For the few seconds the track was dry, D’Alberto managed a 1.01:3sec. And that isn’t just fast, it’s a full two-and-a-half seconds better than anything else here – and that includes some very serious hardware. Hard to argue with that, so we didn’t.
The big disappointment for me was – as it has always been – the transmission in the GT-R. As well as being a high-maintenance unit (the servicing regime increases dramatically the harder you use the car) it’s just not a very good attempt at refining a clutchless manual.
Okay, okay, Nissan was one of the early adopters, back in 2009, when the GT-R first broke cover in Australia, but this, as Canadian PM Justin Trudeau has pointed out, is 2016. This aint Hi-Torque’s fault, obviously, but it does take a little shine off the car.
Not that it was going to slow it down much.
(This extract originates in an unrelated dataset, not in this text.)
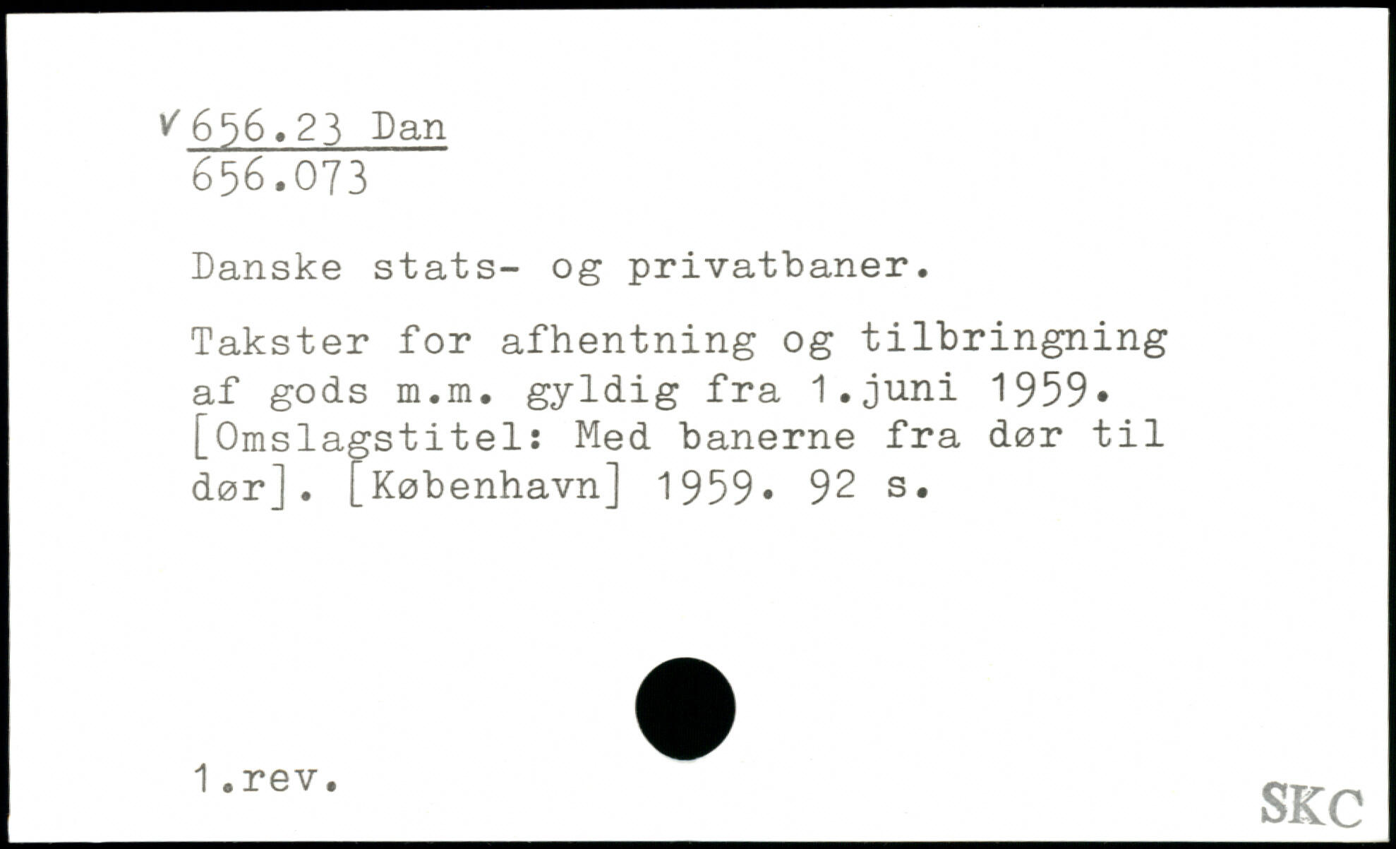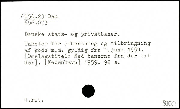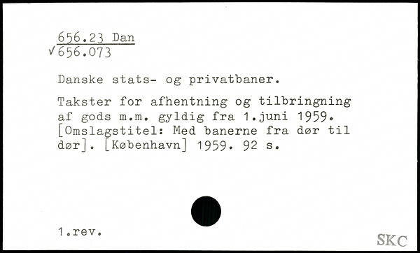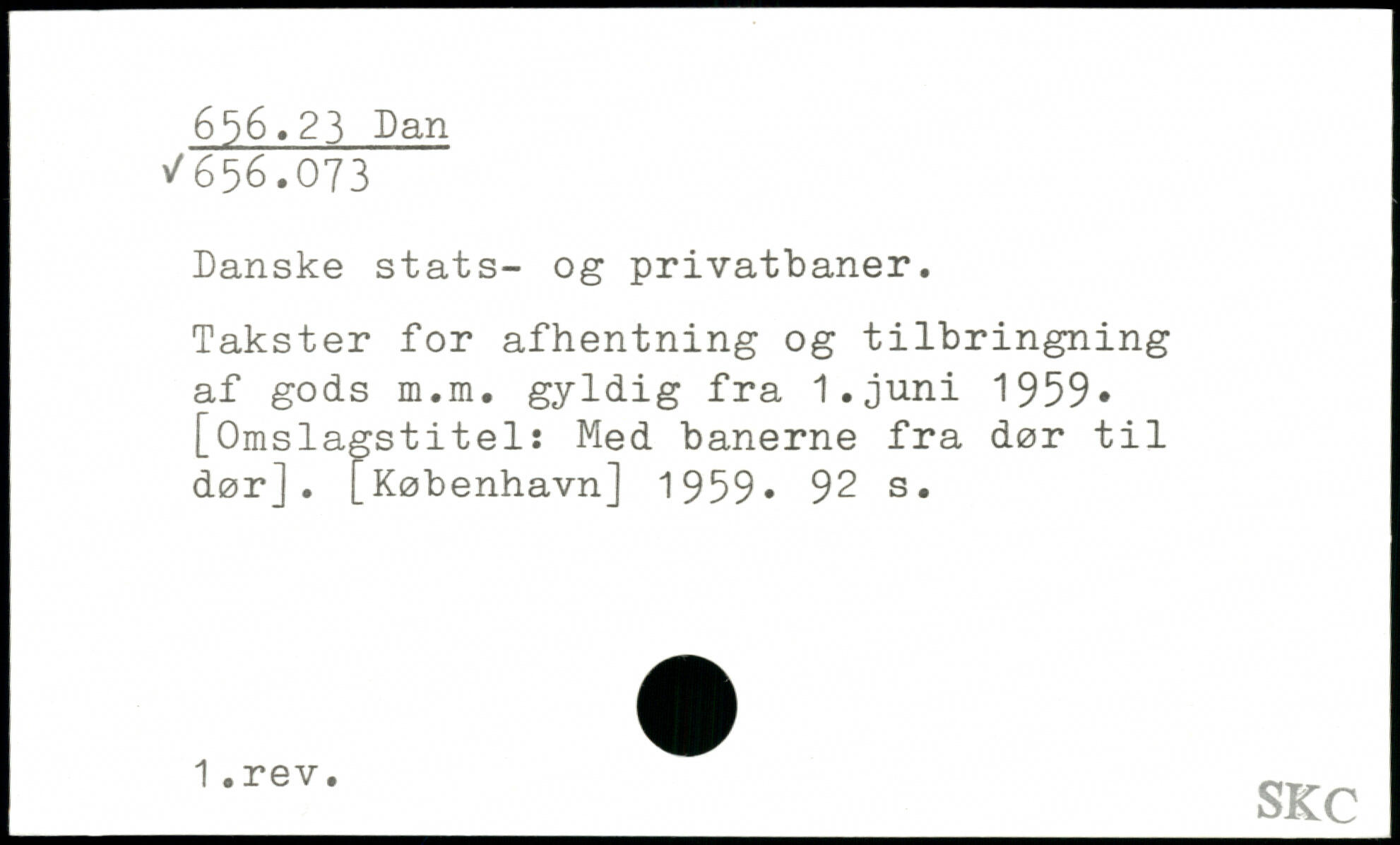 Danske stats- og privatbaner. Takster for afhentning og tilbringning af gods m.m. gyldig fra 1.juni 1959, [Omslagstitel: Med banerne fra dør til dør].

The Hi-Torque GT-R’s performance is on another level – another planet – and dry or wet, fuel issues or otherwise, was always going to get the biggest ribbon. It’s our Hot Tuner 2016 winner. All hail the new king, we are not worthy.
OVERALL RANKING: 1ST
DISCIPLINE RANKING
1st | Lap time: 1:01.3sec
1st | Lap V-Max: 171.95km/h
1st | Lap V-Max: 106.16km/h
2nd | Lap V-Max: 55.12km/h
TONY D RECKONS
“Far out this has got some grunt. It’s got a huge amount of grip and when you do get on the gas you feel all the tyres really going for it. Feels a little bit stiff over bumps on the exit of some corners; it unsettles the car a little bit. But in these sort of tricky conditions where it is sort of wet and dry, this really is in a class of its own.”